The Tent mapping is expressed as follows after Bernoulli shift transformation:

$$ {x}_{n+1}=\left(2{x}_n\right)\mathit{\operatorname{mod}}\ 1 $$
(13)

Therefore, the steps of introducing Tent disturbance are as follows:

  • Step 1, generate chaotic variable x according to xn + 1;

  • Step 2, apply chaotic variables to the solution of the problem to be solved:

$$ {X}_d={\mathit{\min}}_d+\left({\mathit{\max}}_d-{\mathit{\min}}_d\right)\cdotp {x}_{n+1} $$
(14)

mind and maxd are the minimum and maximum values of the d-th dimension x, respectively.

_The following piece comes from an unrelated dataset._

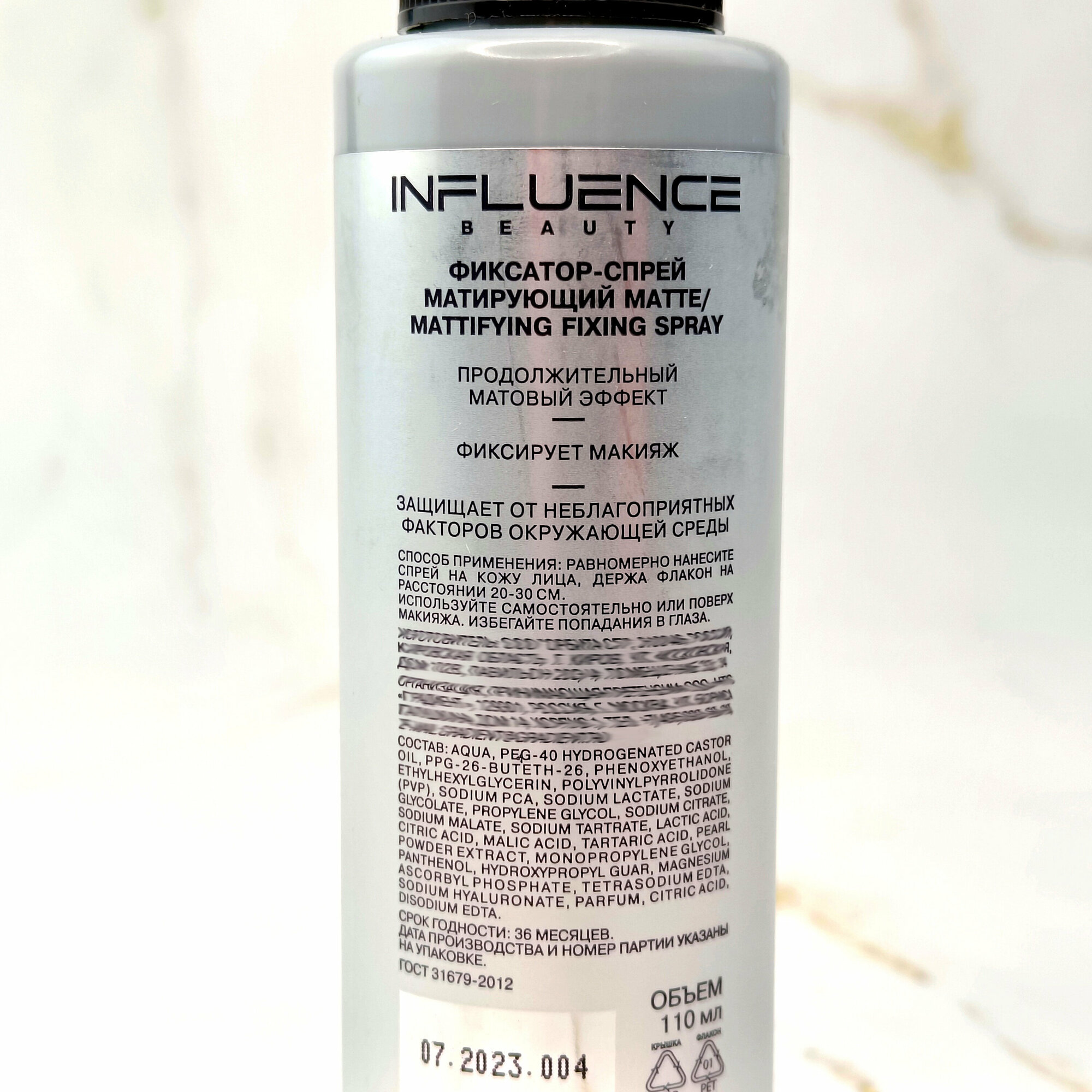 INFLUENCE BEAUTY Фиксатор-спрей для лица матирующий Matte с антиоксидантным действием, 110 мл, Прозрачный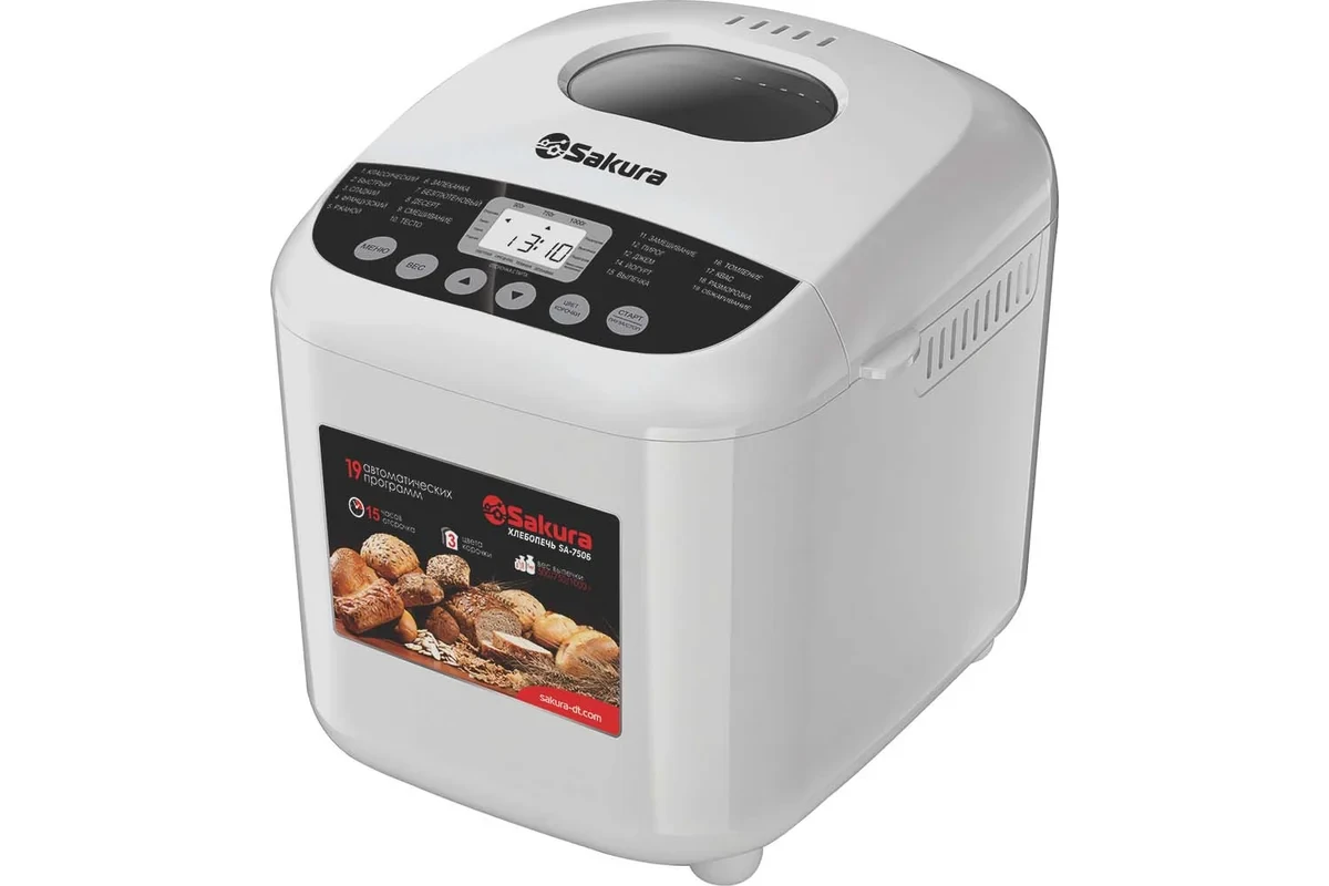Режимы: классический, быстрый, сладкий, французский, ржаной, запеканка, безглютеновый хлеб, десерт, смешивание, тесто, замешивание, кекс, джем, йогурт, выпечка, томление, квас, разморозка, обжаривание.

  • Step 3, make a chaotic disturbance to the individual according to the following equation:

$$ {newX}^{,}=\left({X}^{,}+ newX\right)/2 $$
(15)

In the equation, X, represents the individual requiring chaotic perturbation, newX is the chaotic variable generated, and newX, is the individual after chaotic perturbation.

3.3.4 Selection of mutation and disturbance

First, to minimize the objective function, assume that Fave is the average fitness value within the population. If the fitness value of an individual is less than Fave, then clustering occurs. Gauss mutation makes these individuals slightly dispersed and improves the local search ability of the algorithm. Conversely, this means that individuals diverge, their current position is unreliable and disturbances are needed to improve their quality. Individuals after mutation and disturbance will change their position if they are better than those before, otherwise, the position will not change. The specific behavior selection (BC) equation is as follows:

$$ {x}_i^d(t)=\left\{\begin{array}{c} GM, if\ {F}_i<{F}_{ave}\\ {} TD, if\ {F}_i\ge {F}_{ave}\end{array}\right. $$
(16)

\( {x}_i^d(t) \) represents the updated individual, Fi represents the fitness value of the i-th individual.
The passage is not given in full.